But somehow I missed a couple of albums he did in the early 80s, recorded with Colin Tucker, just after both of them had left an early incarnation of The The. Recording under the name Deux Filles, they masqueraded as a mysterious French female duo, even dressing up in drag for the covers. Silence and Wisdom (1982) and Double Happiness (1983) came out on their own Papier Mache label and disappeared into obscurity. Both comprise short, vaguely ambient instrumentals of guitar, piano, basic electronics, some sampled spoken word and 'atmospheres', with Double Happiness being perhaps the stronger of the two. It's just the sort of music I liked then and still do. Don't know how I missed it. A great re-discovery.
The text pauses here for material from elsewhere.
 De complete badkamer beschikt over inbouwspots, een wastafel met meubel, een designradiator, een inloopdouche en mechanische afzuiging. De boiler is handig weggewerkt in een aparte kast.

(NB: this is not to be confused with another obscure album by Two Daughters from around the same time, released via United Dairies. And that's enough nerdiness for today)
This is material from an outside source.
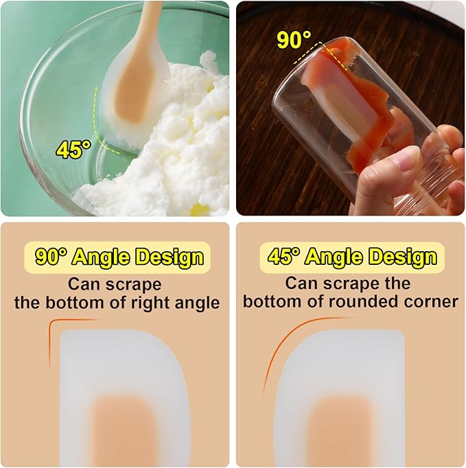 - 【Thoughtful Design】Our silicone spatula’s grooved detail makes scraping every last bit of egg whites and cream from beaters a breeze—no waste! Its handle’s built-in stand keeps the blade off dirty countertops for hygiene, while the hanging loop enables easy air-drying or wall storage.

Tuesday, February 19, 2013

Unsung Heroes & Heroines

Been delving into a BBC Radiophonic Workshop 2CD. At over 100+ tracks lasting an average of 1 minute each, it's a fragmentary but historically intriguing experience. The RW was set up in 1958 in the Beeb's Maida Vale Studios with a remit to produce music and sound effects for TV and radio. Back in those days it was mainly musique concrete: natural sounds recorded on tape, reversed, speeded up, slowed down, looped etc with a few oscillators and filters thrown in. 
The creators were pretty much invisible, portrayed (if at all) as white-coated 'engineers' rather than musicians or composers (an image that Kraftwerk proactively sought). The anti stars of that first decade included Delia Derbyshire, Daphne Oram, Maddalena Fagandini, Desmond Briscoe, Brian Hodgson, John Baker and the only one still alive, Dick Mills. The fact that there were three women in their ranks is slightly staggering given the era. 
Delia Derbyshire
The most famous piece of music was of course the Dr Who theme tune, written by Ron Grainer but utterly transformed by Delia Derbyshire in 1963, still amazing 50 years on. But there were plenty of other weird & wonderful (as well as trite and tacky) theme tunes as the RW struggled to keep up with demand through the 70s and 80s. By the 90s, though, there was competition. Synthesisers, home studios and music software were becoming commonplace and the RW closed down in 1998 (although a virtual version was established last year, headed up by Matthew Herbert). 
Listened to out of context, much of the music now sounds rather dry, if not cheesy. Technically adventurous but artistically mundane. But one could say they paved the way for a lot of electronica and ambient music, an assumption supported by the fact that this CD is released on a subsidiary of Mute Records (home of Depeche Mode, Erasure and Goldfrapp). 

Monday, February 18, 2013

Kekexili

Watched an intriguing film tonight: Kekexili: Mountain Patrol, directed by Lu Chuan in 2004. It's based on a true story (and in turn a documentary by Peng Hui) of Tibetan vigilantes who patrol the wilderness of Kekexili, trying to stop poachers from killing & skinning Tibetan Antelopes - reduced in quantity from over 1m to 20,000. 
The plot and acting is interesting enough, but the really amazing thing for me was the landscape. Kekexili is an extremely remote area the size of Scotland which straddles the borders of Tibet, Qinghai and Xinjiang in western China. Its bleak mountains and arid emptiness dwarf everything - the plot, the people, the antelopes, even the production (most of the crew became sick, one even died). 
Some good came of it, however. The Chinese government took note and turned it into a nature reserve, and the antelopes are on the up again.

Sunday, February 17, 2013

Shanghai in Beijing

Last day of the Chinese New Year holidays. Mr & Mrs Jia, our landlords, took us out for lunch. "What food would you like - Mongolian or Shanghai?"  We ate Mongolian last time, so replied the latter. "Fine, I'll take you to Lubolang at the Landmark Hotel". Which is next door to my office is and where I have lunched many a time. Oh well, it's the thought that counts. 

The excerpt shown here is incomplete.